## WHAT IS NEEDED
Your task is to print all of the entries exactly, though the pictures should not be included.

## RECORDS PROVIDED
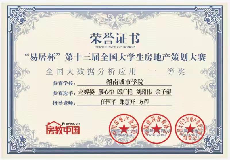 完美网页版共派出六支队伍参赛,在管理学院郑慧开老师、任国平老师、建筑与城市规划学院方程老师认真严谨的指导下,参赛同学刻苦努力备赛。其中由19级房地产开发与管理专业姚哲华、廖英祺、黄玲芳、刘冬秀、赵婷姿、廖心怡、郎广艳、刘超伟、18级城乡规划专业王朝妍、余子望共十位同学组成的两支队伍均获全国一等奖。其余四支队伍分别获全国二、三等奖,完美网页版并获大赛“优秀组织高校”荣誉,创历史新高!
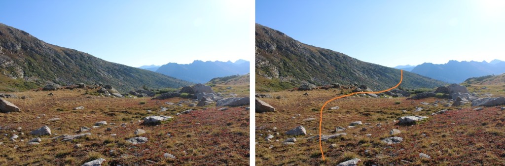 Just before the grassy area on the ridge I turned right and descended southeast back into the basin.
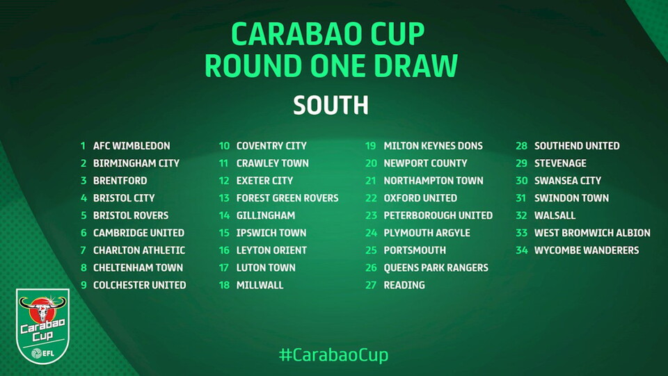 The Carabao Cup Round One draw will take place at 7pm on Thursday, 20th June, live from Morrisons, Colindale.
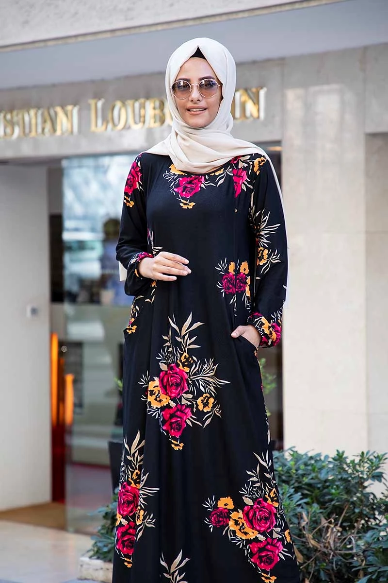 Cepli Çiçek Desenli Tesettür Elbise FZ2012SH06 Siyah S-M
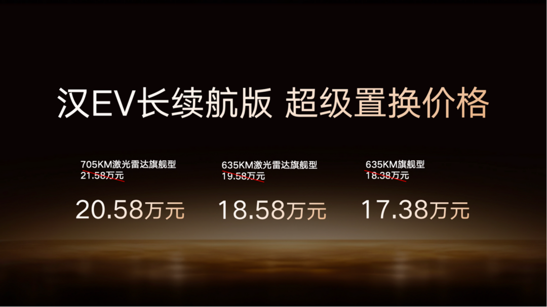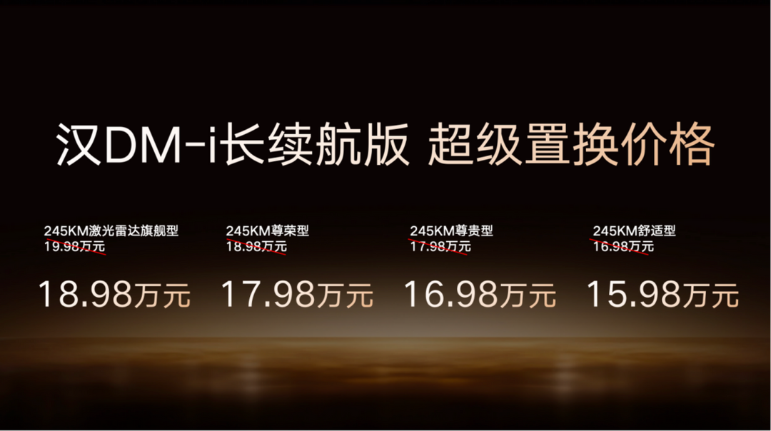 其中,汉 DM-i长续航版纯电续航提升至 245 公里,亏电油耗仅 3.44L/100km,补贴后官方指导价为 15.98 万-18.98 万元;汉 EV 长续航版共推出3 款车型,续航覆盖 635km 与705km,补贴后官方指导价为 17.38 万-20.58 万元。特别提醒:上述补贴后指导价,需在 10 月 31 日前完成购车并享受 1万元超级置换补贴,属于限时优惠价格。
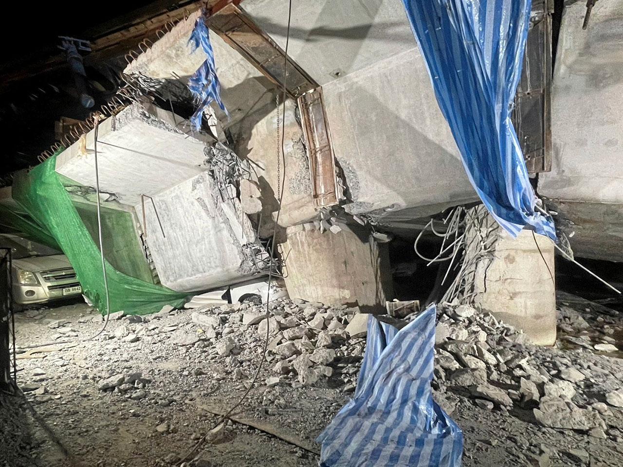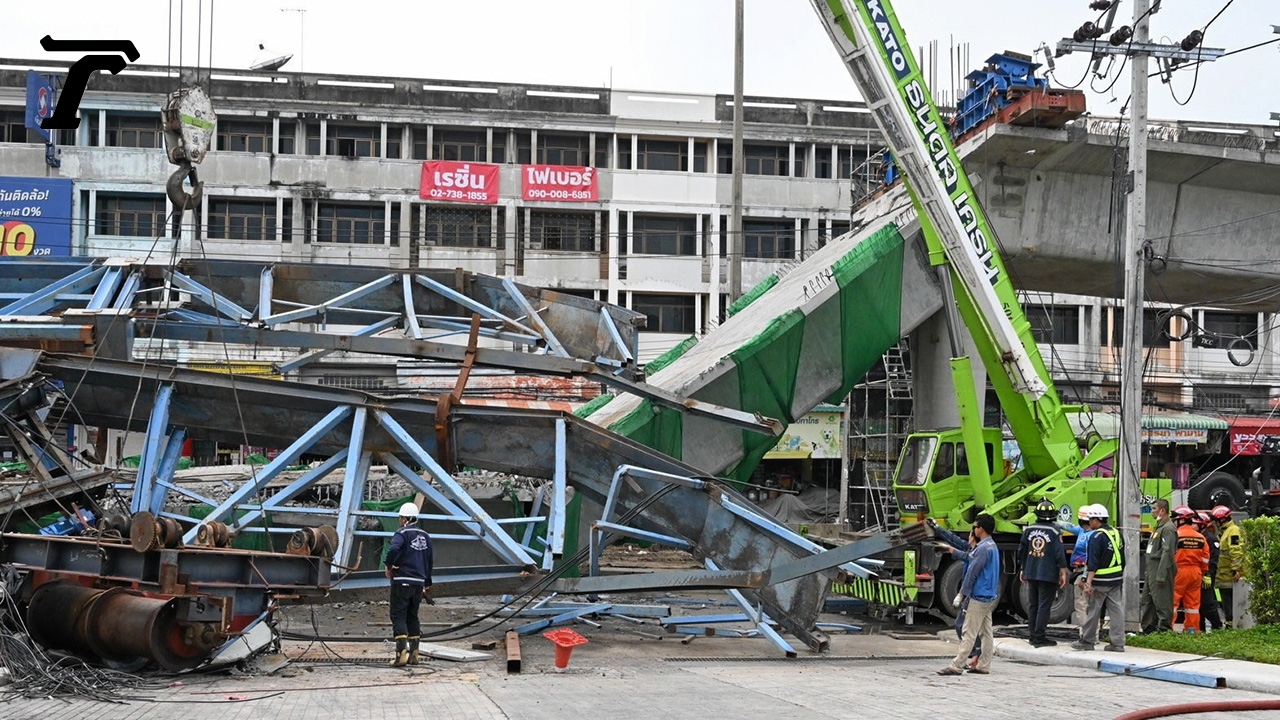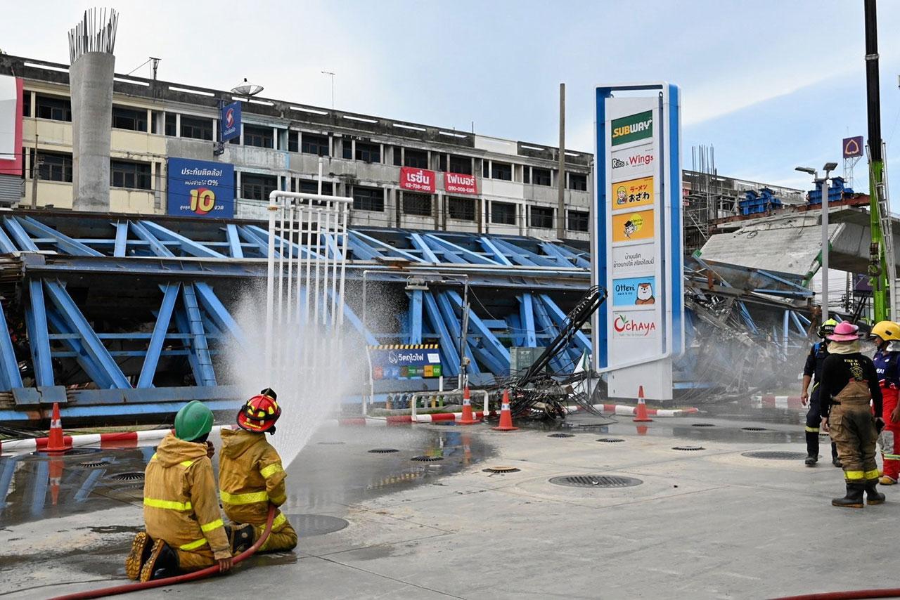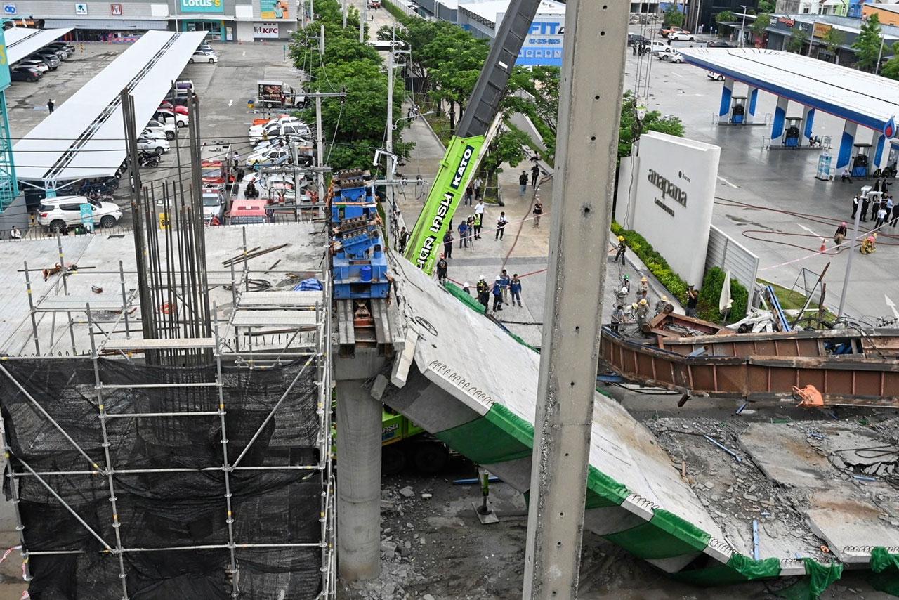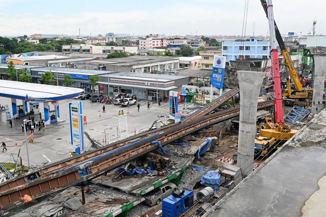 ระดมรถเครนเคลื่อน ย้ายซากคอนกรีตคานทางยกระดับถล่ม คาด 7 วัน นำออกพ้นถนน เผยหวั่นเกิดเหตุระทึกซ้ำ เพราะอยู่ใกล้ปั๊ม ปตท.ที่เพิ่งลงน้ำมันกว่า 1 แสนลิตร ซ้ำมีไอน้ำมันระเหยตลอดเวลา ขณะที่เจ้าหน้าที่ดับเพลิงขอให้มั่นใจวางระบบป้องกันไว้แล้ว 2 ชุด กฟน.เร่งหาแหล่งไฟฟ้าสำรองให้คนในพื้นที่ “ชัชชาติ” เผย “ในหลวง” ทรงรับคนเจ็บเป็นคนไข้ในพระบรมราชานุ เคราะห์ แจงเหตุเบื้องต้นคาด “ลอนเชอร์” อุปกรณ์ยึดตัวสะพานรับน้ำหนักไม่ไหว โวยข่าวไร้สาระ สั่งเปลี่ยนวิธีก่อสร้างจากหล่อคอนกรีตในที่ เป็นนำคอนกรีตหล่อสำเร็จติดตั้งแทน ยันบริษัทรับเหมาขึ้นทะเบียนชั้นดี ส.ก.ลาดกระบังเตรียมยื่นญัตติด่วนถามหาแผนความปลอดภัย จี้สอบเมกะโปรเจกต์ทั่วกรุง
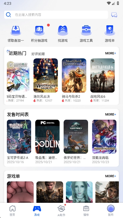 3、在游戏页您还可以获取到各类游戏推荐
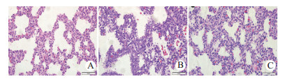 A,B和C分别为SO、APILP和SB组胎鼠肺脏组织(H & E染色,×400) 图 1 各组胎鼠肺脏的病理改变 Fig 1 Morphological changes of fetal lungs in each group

## EXERCISE RESULT
 完美网页版共派出六支队伍参赛,在管理学院郑慧开老师、任国平老师、建筑与城市规划学院方程老师认真严谨的指导下,参赛同学刻苦努力备赛。其中由19级房地产开发与管理专业姚哲华、廖英祺、黄玲芳、刘冬秀、赵婷姿、廖心怡、郎广艳、刘超伟、18级城乡规划专业王朝妍、余子望共十位同学组成的两支队伍均获全国一等奖。其余四支队伍分别获全国二、三等奖,完美网页版并获大赛“优秀组织高校”荣誉,创历史新高!
 Just before the grassy area on the ridge I turned right and descended southeast back into the basin.
 The Carabao Cup Round One draw will take place at 7pm on Thursday, 20th June, live from Morrisons, Colindale.
 Cepli Çiçek Desenli Tesettür Elbise FZ2012SH06 Siyah S-M
 其中,汉 DM-i长续航版纯电续航提升至 245 公里,亏电油耗仅 3.44L/100km,补贴后官方指导价为 15.98 万-18.98 万元;汉 EV 长续航版共推出3 款车型,续航覆盖 635km 与705km,补贴后官方指导价为 17.38 万-20.58 万元。特别提醒:上述补贴后指导价,需在 10 月 31 日前完成购车并享受 1万元超级置换补贴,属于限时优惠价格。
 ระดมรถเครนเคลื่อน ย้ายซากคอนกรีตคานทางยกระดับถล่ม คาด 7 วัน นำออกพ้นถนน เผยหวั่นเกิดเหตุระทึกซ้ำ เพราะอยู่ใกล้ปั๊ม ปตท.ที่เพิ่งลงน้ำมันกว่า 1 แสนลิตร ซ้ำมีไอน้ำมันระเหยตลอดเวลา ขณะที่เจ้าหน้าที่ดับเพลิงขอให้มั่นใจวางระบบป้องกันไว้แล้ว 2 ชุด กฟน.เร่งหาแหล่งไฟฟ้าสำรองให้คนในพื้นที่ “ชัชชาติ” เผย “ในหลวง” ทรงรับคนเจ็บเป็นคนไข้ในพระบรมราชานุ เคราะห์ แจงเหตุเบื้องต้นคาด “ลอนเชอร์” อุปกรณ์ยึดตัวสะพานรับน้ำหนักไม่ไหว โวยข่าวไร้สาระ สั่งเปลี่ยนวิธีก่อสร้างจากหล่อคอนกรีตในที่ เป็นนำคอนกรีตหล่อสำเร็จติดตั้งแทน ยันบริษัทรับเหมาขึ้นทะเบียนชั้นดี ส.ก.ลาดกระบังเตรียมยื่นญัตติด่วนถามหาแผนความปลอดภัย จี้สอบเมกะโปรเจกต์ทั่วกรุง
 3、在游戏页您还可以获取到各类游戏推荐
 A,B和C分别为SO、APILP和SB组胎鼠肺脏组织(H & E染色,×400) 图 1 各组胎鼠肺脏的病理改变 Fig 1 Morphological changes of fetal lungs in each group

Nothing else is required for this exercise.